По окончании службы, когда монахини покидали часовню, Оливия прошла мимо не оглянувшись, и Эллена с трудом удержалась от слез; у себя в келье она предалась глубокому унынию. Расположение Оливии было для нее не просто отрадой, оно казалось необходимым для самого ее существования — и Эллена с упоением вспоминала беспрестанно улыбку, так много сказавшую ей и пролившую луч утешения в безотрадный мрак ее темницы.

Из печальной задумчивости Эллену вывел легкий шорох шагов: щелкнул отпираемый замок, дверь кельи распахнулась — и перед ней предстала Оливия. Эллена взволнованно поднялась ей навстречу, а Оливия пылко пожала протянутую руку.

— Вы не привыкли быть в заточении, — печально произнесла Оливия, приседая и ставя на стол корзинку с провизией, — а наша грубая еда…

— Я понимаю вас, — отозвалась Эллена, взглядом выразив свою признательность. — Ваше сердце исполнено сострадания, хотя вы и живете в этой обители; вы тоже немало претерпели на своем веку, вам знакомо отрадное чувство, переживаемое теми, кто в силах облегчить муки ближнего и выказать знак внимания, свидетельствующий о вашем сочувствии. О, смогу ли я выразить, как меня это трогает!

Слезы помешали Эллене договорить. Оливия стиснула ей руку, пристально глядя в лицо: ее тоже охватило волнение, но вскоре она справилась с ним и, улыбаясь, сказала:

— Вы верно угадали мои чувства к вам, сестра, и догадались о том, как много мне пришлось пережить. Сердце мое не закрыто ни для жалости, ни для вас, дитя мое. Вы были предназначены для счастья, которое в этих стенах немыслимо!

Оливия вдруг замолчала, словно позволила себе сказать лишнее, а потом добавила:

— Но вы сумеете, может быть, обрести душевный покой; если вас утешает мысль о близком присутствии друга — верьте в мою дружбу, но только молча, про себя. Я буду навещать вас, когда мне разрешат, но сами обо мне не спрашивайте; и если посещения мои окажутся недолгими — не уговаривайте меня задерживаться.

— Как это прекрасно! — воскликнула Эллена прерывавшимся голосом. — Как чудесно! Вы будете приходить ко мне… Вы питаете ко мне жалость…

— Тише! — взмолилась Оливия. — Ни слова больше, иначе нас услышат. Покойной вам ночи, сестра, да будет мирен ваш сон!

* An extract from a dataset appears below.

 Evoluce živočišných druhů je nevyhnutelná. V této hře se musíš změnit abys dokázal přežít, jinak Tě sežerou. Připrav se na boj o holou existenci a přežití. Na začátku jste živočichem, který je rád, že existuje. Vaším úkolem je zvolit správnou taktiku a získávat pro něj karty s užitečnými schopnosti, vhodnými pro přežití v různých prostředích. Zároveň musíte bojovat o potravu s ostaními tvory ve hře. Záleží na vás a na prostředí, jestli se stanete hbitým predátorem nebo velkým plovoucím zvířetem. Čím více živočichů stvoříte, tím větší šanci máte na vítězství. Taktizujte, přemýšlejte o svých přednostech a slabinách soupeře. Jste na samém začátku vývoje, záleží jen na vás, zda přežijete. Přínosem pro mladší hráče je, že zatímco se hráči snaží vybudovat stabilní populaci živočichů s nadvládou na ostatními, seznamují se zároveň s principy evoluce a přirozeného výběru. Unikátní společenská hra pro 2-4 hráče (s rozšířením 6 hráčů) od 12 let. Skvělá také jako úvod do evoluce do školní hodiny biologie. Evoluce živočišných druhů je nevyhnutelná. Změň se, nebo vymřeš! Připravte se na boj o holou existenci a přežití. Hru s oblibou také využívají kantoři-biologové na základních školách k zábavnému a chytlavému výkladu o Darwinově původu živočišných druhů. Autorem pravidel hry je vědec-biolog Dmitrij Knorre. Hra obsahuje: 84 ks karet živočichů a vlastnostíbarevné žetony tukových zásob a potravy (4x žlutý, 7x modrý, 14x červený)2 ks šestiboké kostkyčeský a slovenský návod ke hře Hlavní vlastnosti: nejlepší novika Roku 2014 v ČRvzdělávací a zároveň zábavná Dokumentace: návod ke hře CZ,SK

Сердце Эллены упало. Ей не хватало сил попрощаться, но глаза ее, наполненные слезами, были красноречивы. Монахиня поспешно отвела взгляд и, безмолвно пожав Эллене руку, покинула келью. Эллена, невозмутимо сохранявшая твердость духа перед оскорблявшей ее аббатисой, теперь, тронутая до глубины души добротой друга, дала волю слезам. Слезы принесли облегчение ее истерзанному сердцу, и она даже не пыталась их удерживать. Впервые с тех пор, как она рассталась с виллой Альтьери, Эллена могла думать о Вивальди более спокойно: в груди у нее начала оживать надежда, хотя рассудок не мог ничем оправдать ее.

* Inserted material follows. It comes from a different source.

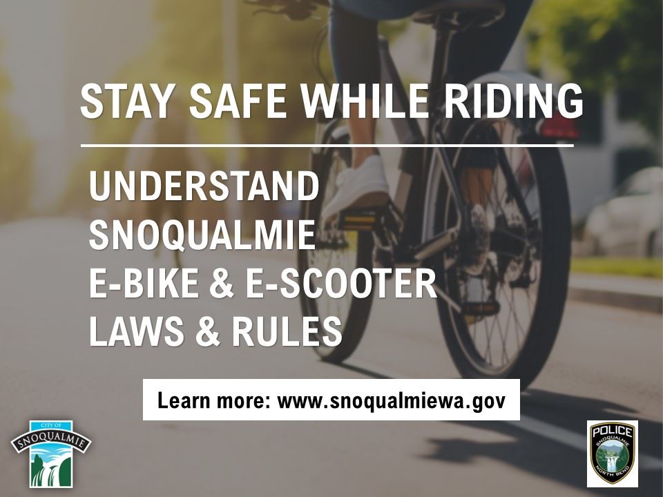 The Snoqualmie Police Department is launching a E-bike and E-scooter Public Education campaign. Follow the City of Snoqualmie and Snoqualmie Police Department social media channels for more information.

Наутро Эллена обнаружила, что дверь ее кельи не заперта. Она тотчас же поднялась с постели и, не без надежды на свободу, торопливо перешагнула порог. Келью Эллены, обособленную от прочих, с главным зданием связывал небольшой коридор, упиравшийся в запертую дверь; по существу, Эллена оставалась пленницей, как и прежде. Очевидно было, что Оливия не повернула ключ в замке, желая дать ей больше свободы передвижения, и Эллена была ей очень благодарна за такую заботу. Признательность ее еще более возросла, когда в конце коридора она заметила узкую винтовую лестницу, которая, видимо, вела к другим помещениям.

Эллена поспешила подняться по ступеням и обнаружила, что они подходят к двери в небольшую комнату, которая казалась ей ничем не примечательной до тех пор, пока она не приблизилась к окнам: оттуда открывался вид на необозримый простор — вплоть до самого горизонта, а от расстилавшейся внизу грандиозной картины у нее перехватило дыхание. Вглядываясь в величественный пейзаж, она забыла о том, что томится в неволе. Эллена поняла, что находится внутри угловой башни монастыря, словно бы парившей в воздухе над изломами и уступами громадной гранитной скалы, составлявшей часть горы, на которой стоял монастырь. Причудливые утесы громоздились в живописном беспорядке, нависая над крутыми обрывами, начинавшимися у самых монастырских стен. Замирая от сладостного трепета, Эллена озирала мощные склоны, густо заросшие лиственницами и осененные огромными соснами; глаза ее отдыхали на расположенных ниже темных каштановых рощах; далее местность постепенно выравнивалась — и эти рощи казались плавным переходом от первозданной дикости вершин к разнообразно возделанным полям на равнине. Просторные долины замыкались вдалеке бесчисленными пиками и хребтами, восхищавшими Эллену по дороге к Сан-Стефано; купы оливковых и миндальных деревьев перемежались с обширными лугами, где летом на душистой траве пасутся мирные стада, а с наступлением зимы спускаются в укрытые от ветров логовины Тавольере.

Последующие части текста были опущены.